Logistics Giant Reports Steady Growth
Gurugram-based logistics leader Delhivery announced its financial results for the fourth quarter of the fiscal year 2025-26 today, reporting a 30 percent year-on-year revenue surge to Rs 2,850 crore. Despite the significant top-line expansion, the company’s consolidated net profit remained flat at Rs 72.3 crore, compared to Rs 72.5 crore in the same period last year, as the firm balanced aggressive volume growth with ongoing strategic investments.
Contextualizing Market Performance
Delhivery has spent the last decade establishing itself as a dominant force in India’s fragmented logistics sector. The company’s growth trajectory has been defined by rapid scaling of e-commerce parcel deliveries and the expansion of its Part Truck Load (PTL) freight services. This quarter marks a pivotal moment for the firm as it navigates the transition from a capital-intensive growth phase to an era of operational efficiency and cash flow generation.

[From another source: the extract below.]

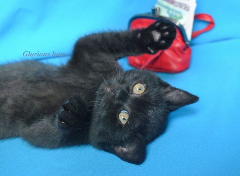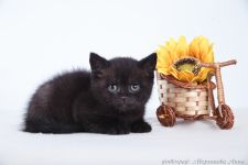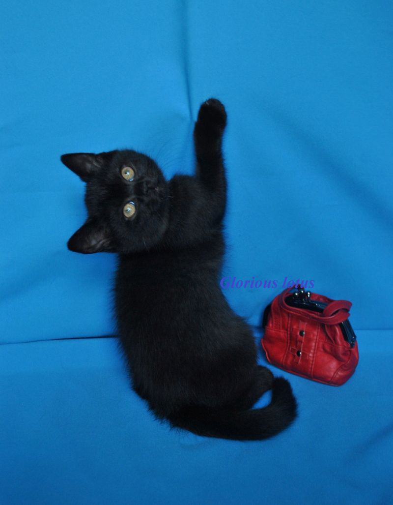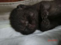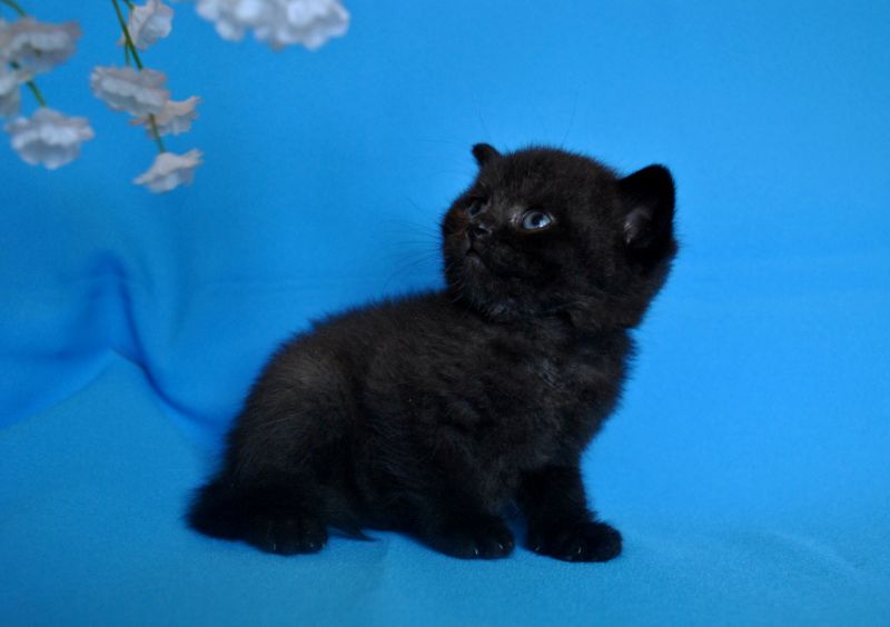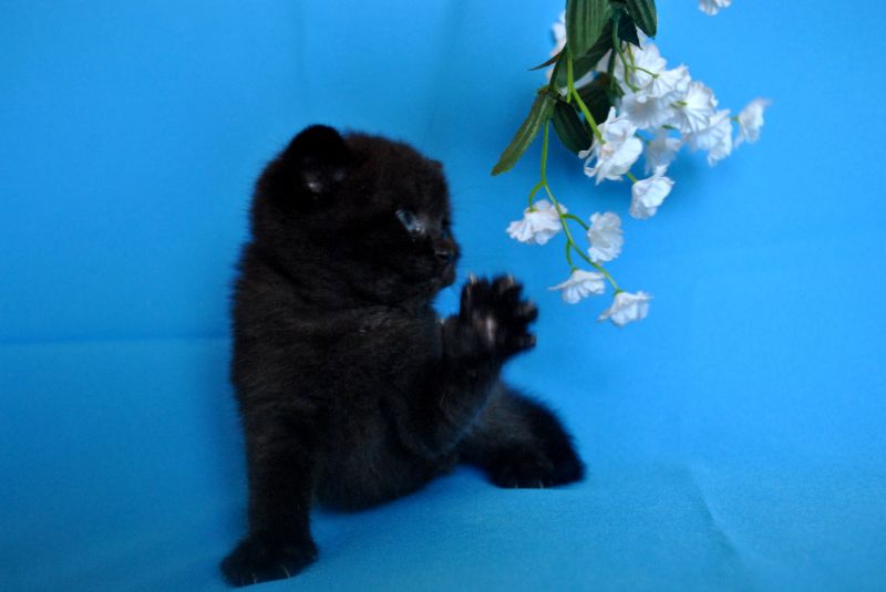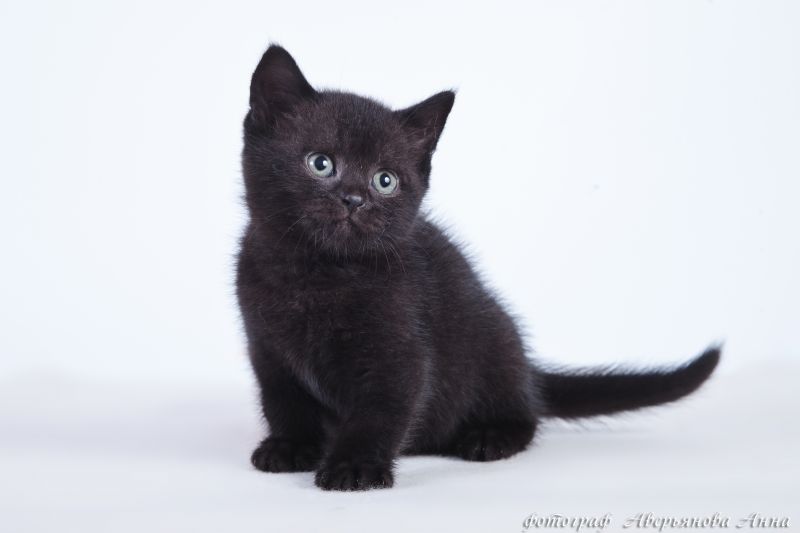 Азала перевод с египетского ДОСТОИНСТВО. Азалочка родилась в нашем питомнике и оставлена для дальнейшей племенной работы.  Когда мы её увидели только что родившуюся, единогласно все ласково сказали: "Бульдожка" - большая британская голова, маленькое мощное, как у бульдога, тельце и очень короткая шерсть больше напоминающая флок. Решение было вынесено сразу - оставлять девочку в питомнике. Бульдожка наша хорошела день ото дня. Сейчас её шубка сравнима только с чёрным переливающимся мутоном. У неё мощное тело с тяжелым костяком, маленькие и очень правильного постава ушки на круглой, как шарик голове, очень сильный подбородок с правильным прикусом. Одно сплошное ДОСТОИНСТВО и полное соответствие своему имени!

Operational Efficiency and Volume Expansion
The core of Delhivery’s Q4 performance lies in its massive volume throughput. The company recorded 306 million express parcel shipments, representing a 72 percent increase year-on-year. Simultaneously, its PTL freight segment grew by 20 percent, handling 549,000 metric tonnes during the quarter. This volume growth has translated into significant operating leverage, as evidenced by an EBITDA increase of 79.8 percent, reaching Rs 214.2 crore.
The company’s ability to expand its EBITDA margin to 7.5 percent, up from 5.4 percent in the previous year, highlights the efficacy of its cost-control measures. Management noted that these gains were achieved despite a challenging inflationary environment, demonstrating a disciplined approach to capital expenditure and operational management.
Financial Health and Strategic Milestones
For the full fiscal year 2026, Delhivery achieved a major milestone by turning free cash flow positive, recording Rs 89 crore in cash generation. This was bolstered by a strong balance sheet, with the company reporting Rs 4,555 crore in cash and cash equivalents as of March 2026. A standout achievement for the year was the delivery of 1 billion e-commerce parcels—a volume equivalent to the company’s entire output during its first ten years of operation.
Experts point to the 16 percent Return on Invested Capital (ROIC) in the Transport business as a key indicator of long-term sustainability. By reducing capital intensity, Delhivery has successfully repositioned itself to fund further innovation in its newer business verticals without relying heavily on external debt.
Future Implications for the Logistics Sector
The shift toward free cash flow positivity signals that Delhivery is entering a more mature phase of its corporate lifecycle. For investors and industry analysts, the focus will now shift to how the company utilizes its cash reserves to maintain its competitive moat against both traditional logistics players and emerging tech-driven startups. The ability to sustain these margin improvements while scaling new business lines will be the primary metric of success in the coming quarters.
As Delhivery continues to scale its transport infrastructure, industry stakeholders will be watching for potential consolidation trends within the logistics space. The firm’s ability to maintain its current momentum will likely depend on its capacity to optimize last-mile delivery costs while scaling its industrial freight operations in an increasingly digitizing Indian economy.